By default the minimal file size to allocate huge pages is equal to size
of huge page.

We add two handle to specify minimal file size for huge pages:

  - mount option 'huge_min_size';

  - sysfs file /sys/kernel/mm/transparent_hugepage/shmem_min_size for
    in-kernel tmpfs mountpoint;

Few notes:

  - if shmem_enabled is set to 'force', the limit is ignored. We still
    want to generate as many pages as possible for functional testing.
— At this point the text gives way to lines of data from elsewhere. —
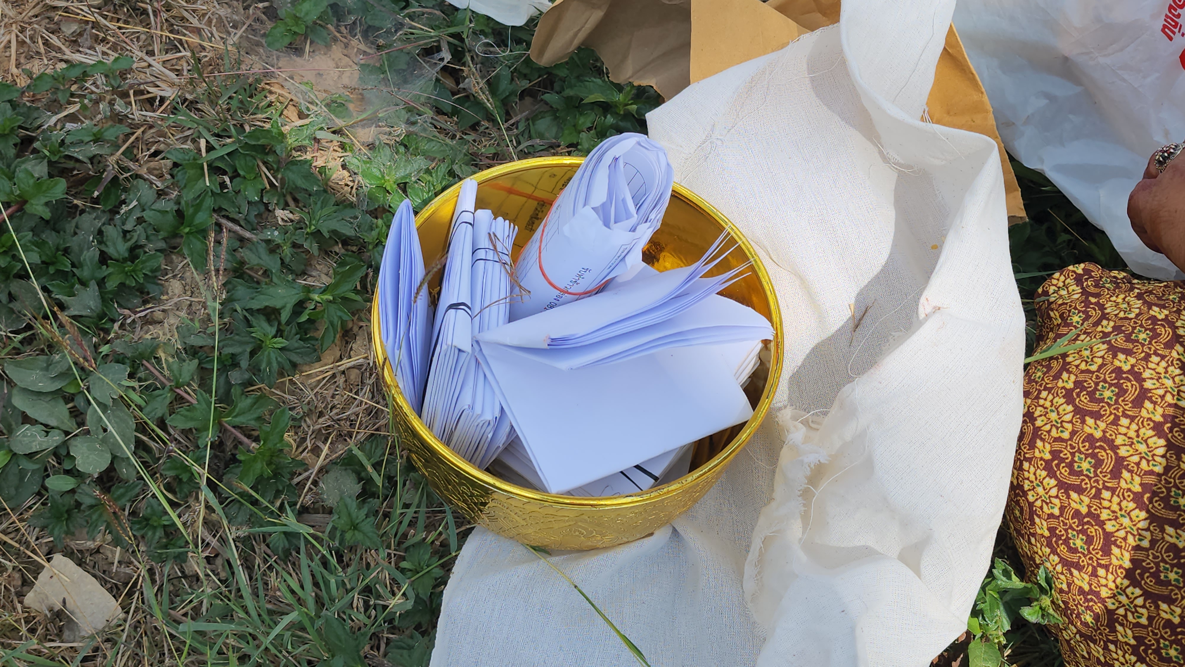 บ่ายโมง วันที่ 16 มกราคม 67 ตร.สภ.เมืองเลย พร้อมชุดสืบสวน เดินทางไปที่เกิดเหตุ หน้าห้างค้าส่ง ถนนเลย-วังสะพุง ต.นาอาน อ.เมืองเลย พบผู้เสียหายช่วยกันจับกุมตัว นายสายยน อายุ 47 ปี อยู่ ต.ศรีสงคราม อ.วังสะพุง จ.เลย สภาพศีรษะแตก เลือดท่วมตัว ที่ปลอมเป็นพระใบ้หวยแล้วเชิดเงิน 130,000 บาท หนี ส่วนคนร้ายอีกคนหนีรอดไปได้ ห่างออกไปพบรถเก๋งโตโยต้าวีออส สีบรอนด์เทา จนท.ตรวจค้นในรถพบซองเปล่าจำนวนมาก จีวรพระ พาน ซองขาว อาวุธปืนสั้นไทยประดิษฐ์ 1 กระบอก กระสุนปืน ขนาด .38 ยาบ้ากว่า 30 เม็ด จึงตรวจยึดของกลาง นำตัวผู้ต้องไปรักษาบาดแผลที่ รพ.เลย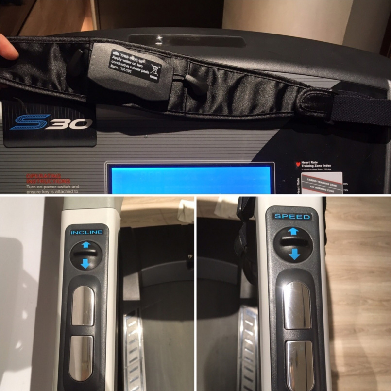 接著當然是實際的跑步測試啦!!大致來說跑起來非常順暢!跑步帶很寬,每一步的震動會被機器給吸收,跑起來的音量也不大!可以一邊看電視不用再開再大聲!左邊是坡度的調整,右邊是速度的調整…這個設計真的『非常方便』!心率也有加贈心率帶,不用一直把雙手放在機器上無法擺手導致跑得不順!這些貼心設計真的是大大改變跑步機的不便!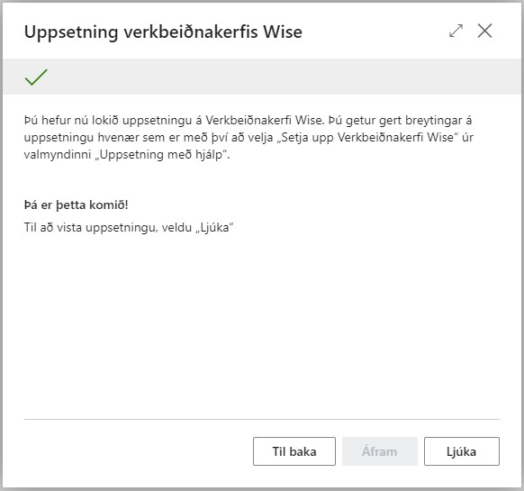 Þegar fyllt hefur verið út í þessa reiti skal velja Áfram og við það verður síðasti hluti uppsetningarinnar sýnilegur. Hér skal velja Ljúka og er uppsetningu á verkagrunni þá lokið.

  - the limit doesn't affect khugepaged behaviour: it still can collapse
    pages based on its settings;

  - remount of the filesystem doesn't affect previously allocated pages,
    but the limit is applied for new allocations;

Signed-off-by: Kirill A. Shutemov <kirill.shutemov@linux.intel.com>
---
 Documentation/vm/transhuge.txt |  6 +++++
 include/linux/huge_mm.h        |  1 +
 include/linux/shmem_fs.h       |  1 +
 mm/huge_memory.c               |  1 +
 mm/shmem.c                     | 56 ++++++++++++++++++++++++++++++++++++++----
 5 files changed, 60 insertions(+), 5 deletions(-)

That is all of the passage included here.